David Millstone, the Board’s attorney, began Short’s direct examination by tracing the course of materials removed from Freshwater’s classroom in August, 2008, following the Board’s Jul 2008 suspension (pdf of meeting minutes) of Freshwater’s teaching contract. Short testified that he instructed the head of maintenance to have the material packed in boxes and removed, and approximately four custodians did the job, moving the stuff to the former director of business administration’s office in the central office building. After it was moved, Short asked the maintenance supervisor if everything had been moved, and was told there was some “junk” in what has been called the “rat hole,” a space below a staircase in the middle school. Short gave instructions that it be also moved to central office, and a day or two later it was. Some time back Hamilton had made a big deal about Freshwater’s stuff in the “rat hole” being accessible to anyone for some time, and hence hinted that the evidence had been tampered with. Short’s testimony rebuts those claims.

We went on to the numbering of the boxes, also claimed by Freshwater to indicate tampering. It turns out they were numbered by the legion of lawyers tramping through them, an explanation bolstered by an affidavit from one of the lawyers involved at that time. Discrepancies between the date of claimed boxing up and packing slip dates on two boxes were explained by repacking after the original boxes deteriorated due to the load of contents. Another Hamiltonian conspiracy theory bit the dust.

Short also explained why two documents marked “bd ex 22” and “bd ex 99”, both exhibits introduced during the hearing as Board Exhibits, were later found in the boxes with those stamps. Turns out the documents had been removed from the boxes to be entered into evidence, but copies weren’t made before they were returned to the boxes and thus copies with the markings were put back in the boxes. An oversight, to be sure, but not ‘tampering’ in the sense Hamilton wanted.

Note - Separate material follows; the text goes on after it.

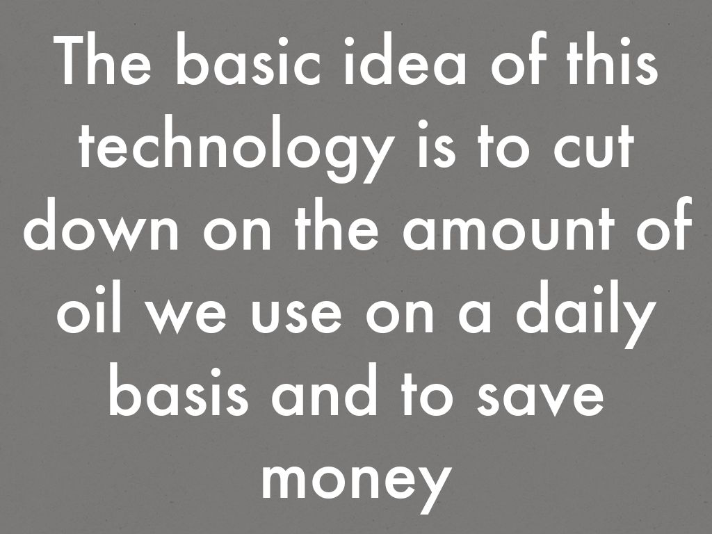 The basic idea of this technology is to cut down on the amount of oil we use on a daily basis and to save money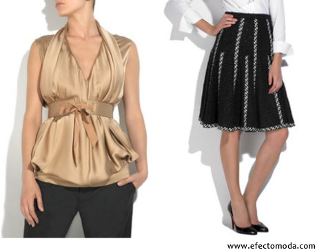 En cuanto a las faldas es mejor que escojas aquellas que quedan a la cintura y no de las que se ponen en la cadera. Escoge las faldas en forma de A o aquellas rectas que terminan justo encima de la rodilla. Evita las faldas que tengan mucha tela, porque estas harán que tengas más volumen en tus caderas y en el trasero. También debes tener cuidado con las faldas muy largas o las plisadas, además es mejor que mantengas las impresiones y las texturas en lo más mínimo posible.

We heard about several documents entered into evidence that Hamilton and Freshwater said they couldn’t find in the material when they examined it in January 2010. In all cases Short testified that the documents came from that material.

Millstone asked Short about the 5 “armloads” of material he gave to Freshwater from the material in the central office. Short testified that Freshwater called him to ask for his personal property from his room. Short went through the room full of materials and got the 5 armloads to give to Freshwater. Millstone introduced an inventory Short made as he removed material from that stored.

In a series of questions, Millstone had Short compared the inventory to photographs claimed to be of the material that had been submitted as part of an affidavit from Freshwater, photographs that purported to show the materials returned to Freshwater by Short. In many cases the objects and documents in the pictures did not appear on Short’s inventory. We walked through 22 photographs. Of those, Short recognized just a few objects–3 or 4–as having been inventoried and returned to Freshwater. Millstone had Short identify a long list of objects and documents on his inventory that did not appear in the photographs in Freshwater’s affidavit.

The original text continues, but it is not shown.